Our ability to make scheduled payments on or to refinance our indebtedness depends on our future performance and ability to raise additional sources of cash, which is subject to economic, financial, competitive and other factors beyond our control. If we are unable to generate sufficient cash to service our debt, we may be required to adopt one or more alternatives, such as selling assets, restructuring our debt or obtaining additional equity capital on terms that may be onerous or highly dilutive. If we desire to refinance our indebtedness, our ability to do so will depend on the capital markets and our financial condition at such time. We may not be able to engage in any of these activities or engage in these activities on desirable terms, which could result in a default on our debt obligations. If we raise any additional debt financing, the terms of such additional debt could further restrict our operating and financial flexibility.
Debt & Financing - Risk 3
We will require substantial additional financing to achieve our goals, and a failure to obtain this necessary capital when needed on acceptable terms, or at all, could force us to delay, limit, reduce or terminate our seralutinib development program, commercialization efforts or other operations.

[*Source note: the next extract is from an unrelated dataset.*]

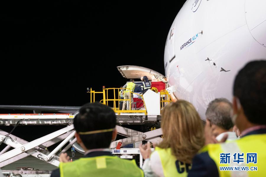 2月23日,在多米尼加首都圣多明各国际机场,工作人员将装有中国科兴新冠疫苗的温控集装箱从机舱中运出。新华社发(多米尼加副总统府供图)

The development of biopharmaceutical product candidates is capital-intensive. We expect our expenses to remain high in connection with our ongoing activities, particularly as we conduct our ongoing and planned clinical trials of seralutinib, continue research and development, and seek regulatory approval for seralutinib. In addition, as seralutinib progresses through development and toward commercialization, we will need to make milestone payments to Pulmokine from whom we have in-licensed seralutinib. Furthermore, if and to the extent we seek to acquire or in-license additional product candidates in the future, we may be required to make significant upfront payments, milestone payments, and/or licensing payments. If we obtain regulatory approval for seralutinib, we also expect to incur significant commercialization expenses related to product manufacturing, marketing, sales and distribution. Because the outcome of any clinical trial or preclinical study is highly uncertain, we cannot reasonably estimate the actual amounts necessary to successfully complete the development and commercialization of seralutinib. Accordingly, we will need to obtain substantial additional funding in connection with our continuing operations. If we are unable to raise capital when needed or on attractive terms, we could be forced to delay, reduce or eliminate our research and development programs or any future commercialization efforts.
We believe that our existing cash, cash equivalents and marketable securities will enable us to fund our operations for at least the next 12 months from the date this annual report is filed with the SEC. In particular, we expect that these funds will allow us to continue our registrational Phase 3 clinical trial in PAH for seralutinib. We have based these estimates on assumptions that may prove to be wrong, and we could use our capital resources sooner than we currently expect. Our operating plans and other demands on our cash resources may change as a result of many factors currently unknown to us, and we may need to seek additional funds sooner than planned, through public or private equity or debt financings or other capital sources, including potentially collaborations, licenses and other similar arrangements. In addition, we may seek additional capital due to favorable market conditions or strategic considerations even if we believe we have sufficient funds for our current or future operating plans. For example, in July 2020, we, and certain of our subsidiaries, as borrowers, amended our credit, guaranty and security agreement, or the Credit Facility, with MidCap Financial Trust, or MidCap, an agent and as a lender, and the additional lenders party thereto from time to time, or together with MidCap, the Lenders, pursuant to which the Lenders, including affiliates of MidCap and Silicon Valley Bank agreed to make a $30.0 million term loan that was funded in May 2019. Attempting to secure additional financing may divert our management from our day-to-day activities, which may adversely affect our ability to develop seralutinib.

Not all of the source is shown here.